Japanese Red Rice (1 Cup) and English Dal (1 Cup)
Lunch
151 mg/dL
avg. peak value
Usually causes a medium spike
Avg. Food Score on Ultrahuman App
Ultrahuman Users got an UNSTABLE response
How to consume english dal, japanese red rice without glucose spikes
Portion Control
Reduce the portion size of English dal and Japanese red rice you consume. Smaller portions can help in managing glucose spikes.
Add Fiber-Rich Foods
Include fiber-rich foods like leafy greens, broccoli, or a side salad to your meal. These foods can help in slowing down the absorption of carbohydrates.
Incorporate Healthy Fats
Add healthy fats such as avocado, nuts, or seeds to your meal. These can help to stabilize blood sugar levels.
Include Proteins
Add a source of lean protein like chicken, fish, tofu, or legumes.
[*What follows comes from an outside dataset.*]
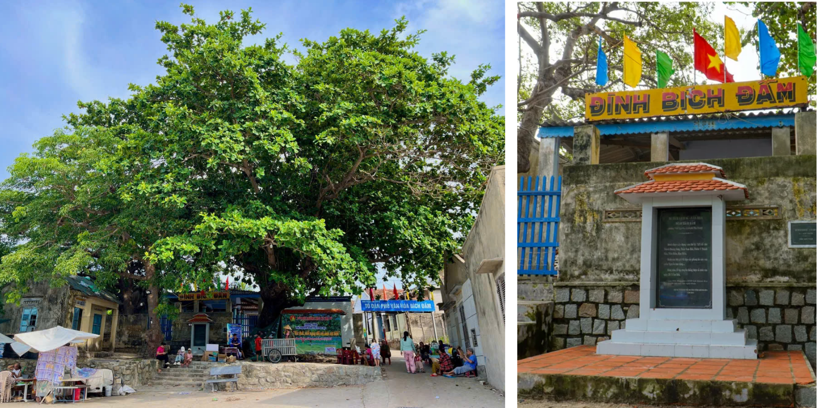 Thay vì mải mê với sóng nước, hãy thử bước chậm lại để cảm nhận chiều sâu văn hóa của làng chài. Nằm nép mình bình yên trên đảo, Đình làng Bích Đầm (được công nhận là Di tích lịch sử - văn hóa cấp tỉnh) là một công trình cổ kính từ giữa thế kỷ 19 mang đậm nét kiến trúc Nam Trung Bộ. Ngay trước sân đình là "Di sản Việt Nam", cây bàng cổ thụ hơn 150 tuổi uy nghi, tỏa bóng mát rượi, như một người bảo vệ thầm lặng của đảo.

Proteins can help in managing glucose levels by slowing the digestion of carbohydrates.
Mix with Low-Carb Vegetables
Combine your meal with low-carb vegetables such as spinach, kale, or cucumbers to bulk up the meal without adding too many carbohydrates.
Stay Hydrated
Drink plenty of water before and during your meal, as staying hydrated can support digestion and help maintain stable blood sugar levels.
Eat Slowly
Take your time to eat and chew thoroughly. Eating slowly can help in better digestion and may prevent a spike in blood sugar levels.
Introduce Vinegar
Consider adding a small amount of vinegar, such as apple cider vinegar, to your meal as it can help in moderating blood sugar responses.
Avoid Sugary Beverages
Abstain from drinking sugary drinks with your meal to prevent additional spikes in blood sugar.
Monitor Timing
Try to eat meals at regular intervals and avoid eating large meals late in the evening to help regulate blood sugar levels more effectively.